Nell’Italia 2.0 di Matteo Renzi e Beppe Grillo c’è ancora spazio politico per un centrodestra? Questo è il vero interrogativo che dovrebbero porsi i vari Parisi, Salvini, Gelmini, Sacconi, Lupi e compagnia cantate reduci dall’ennesima rimpatriata. Da kermesse “professorali” come le ha sagacemente bollate l’indomito Cavaliere.
Ma, onestamente e realisticamente, ci si poteva attendere qualcosa di diverso o di migliore? Sinceramente no. Ognuno ha fatto la propria parte in una realtà politica che non ha più bisogno del “progetto” centrodestra. Non del centrodestra vecchia maniera incarnato da Silvio Berlusconi, bensì di un’alleanza di centrodestra tout-court. E non c’è aggettivo che tenga: nuovo, moderno, europeo... Oggi in Italia uno spazio per l’offerta ideale e politica del centrodestra non sembra esistere più. La sua meritevole funzione storica è terminata (come capitò per la cosiddetta Prima Repubblica) con l’avvento dei “Governi tecnici”. Le sue battaglie: velocità nelle decisioni, meno tasse per tutti, meno burocrazia, via i professionisti della politica, e la sua spinta innovativa oggi sono - che lo si voglia o no - incarnate in parte da Renzi e, ancor di più, da Beppe Grillo che - per molti versi e per contro - impersona anche le istanze della sinistra e della destra più radicali (no all’Euro, no all’Europa, sì ad un reddito “politico” di cittadinanza) tanto che la stessa Lega salviniana dopo aver toccato l’apice nelle elezioni europee, registra un progressivo e costante decremento nei consensi, nonostante l’immigrazione (il cavallo di battaglia o di “Troia” - a seconda dei punti di vista - di Matteo Salvini) resti il fulcro dell’agenda politica nazionale, comunitaria ed internazionale.
L’unico ad aver capito la sinfonia sembra essere ancora una volta Berlusconi, che è capace come nessun altro di serrare all’occorrenza le fila per non mollare - finché i grillini dall’Aventino glielo consentiranno - il tavolo del potere.
Lo si è visto recentemente sul terremoto (“sosterremo tutte le iniziative che il Governo metterà in campo”) come qualche mese fa in politica estera (si ricordi la disponibilità del “Silvio nazionale” a fare da ambasciatore del Governo Renzi presso l’amico Vladimir Putin) e lo si vedrà - c’è da immaginarlo - sulla riforma dell’Italicum (non a caso Forza Italia non ha presentato alcuna proposta di modifica) se non, addirittura, sul referendum costituzionale raccogliendo - all’uopo (due mesi sono più che sufficienti per “cambiare idea” anche ai colonnelli) - le sirene di alcuni tra i più autorevoli intellettuali che animarono la prima Forza Italia e che hanno annunciato l’appoggio al Sì.
Come in una sorta di gioco dell’oca, la storia politica sembra ripetersi: sempre uguale e sempre diversa.

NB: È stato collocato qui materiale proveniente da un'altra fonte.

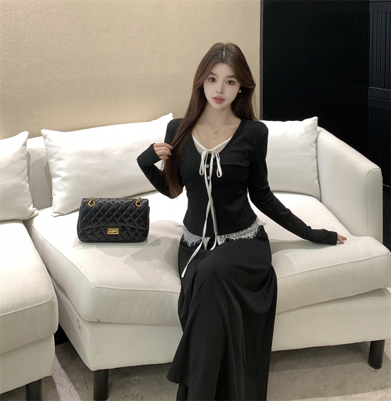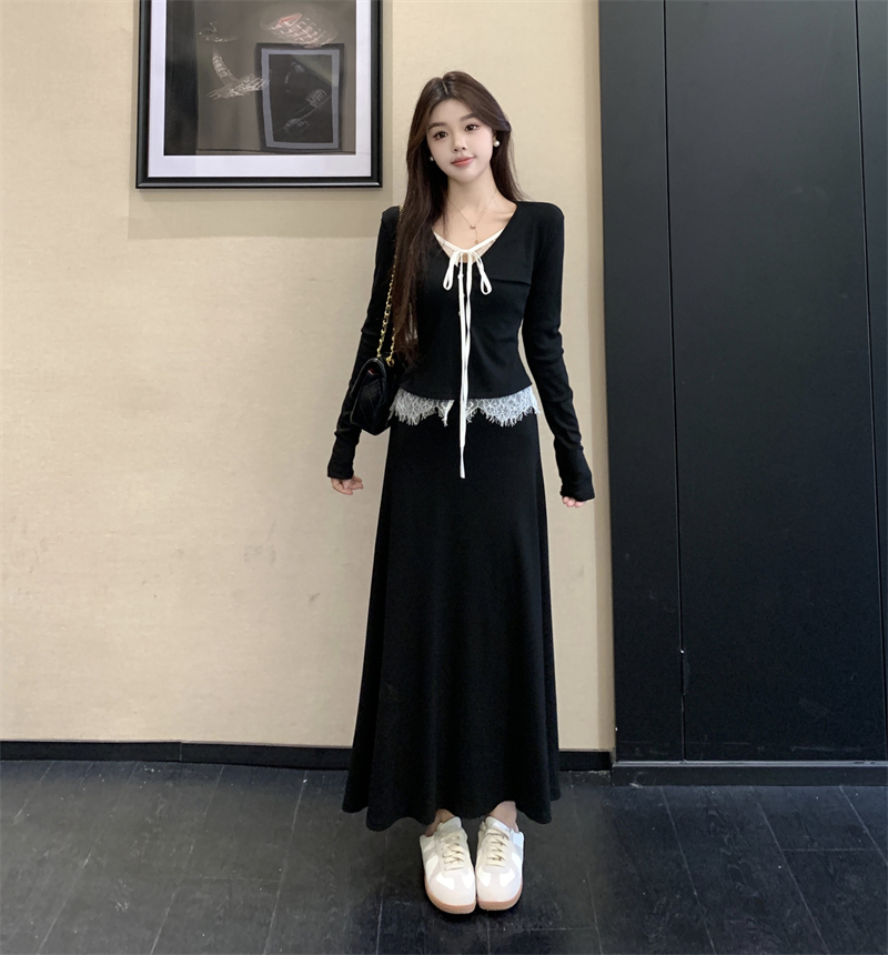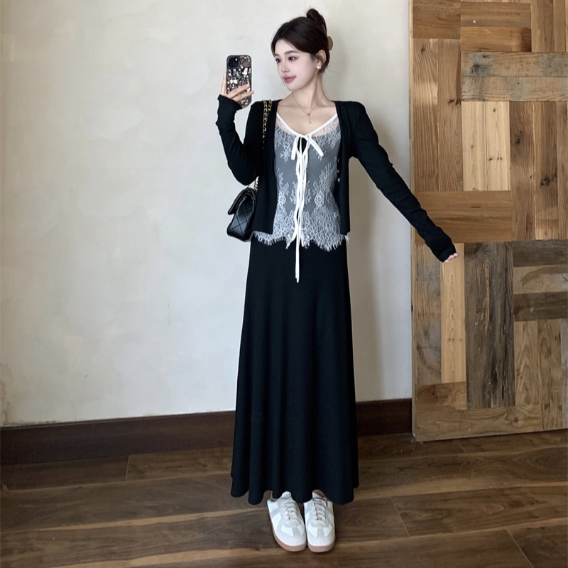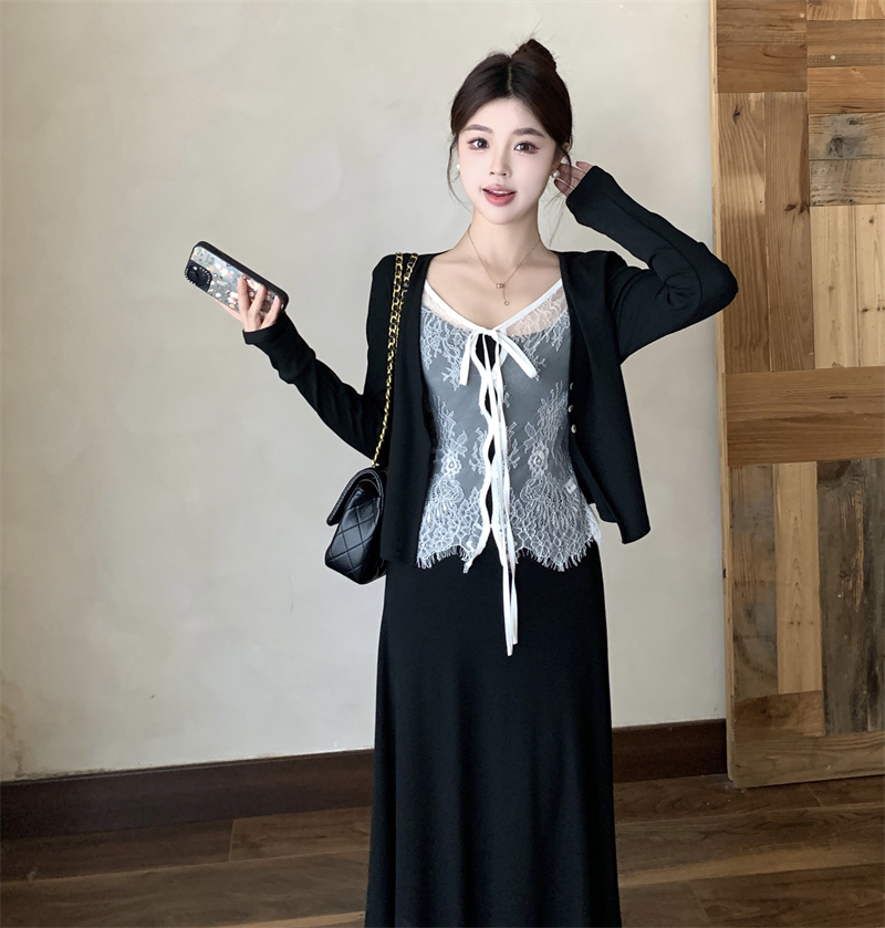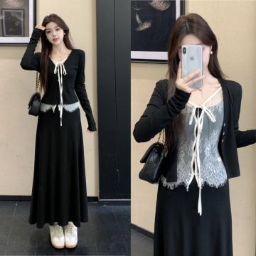 FA41926# 大码秋季收腰蕾丝长袖小香风法式V领拼接上衣+吊带裙两件套装 服裝批發女裝批發服飾貨源

Il centrodestra sta ripercorrendo lo stesso sentiero. Come allora l’elettorato rimase, i partiti no. La domanda politica era cambiata e l’offerta dovette adeguarsi.
Oggi, al di là delle parate, dei sondaggi, degli improbabili listoni, delle buone intenzioni, un reale spazio politico per un’offerta politica di centrodestra non sembra disponibile. Semplicemente perché la domanda è mutata. Eppure, oggi, come allora, sarà l’elettorato orfano del passato a decidere il futuro politico del Paese decretare a partire dal proprio dal referendum costituzionale. Metafora aggiornata del 1993.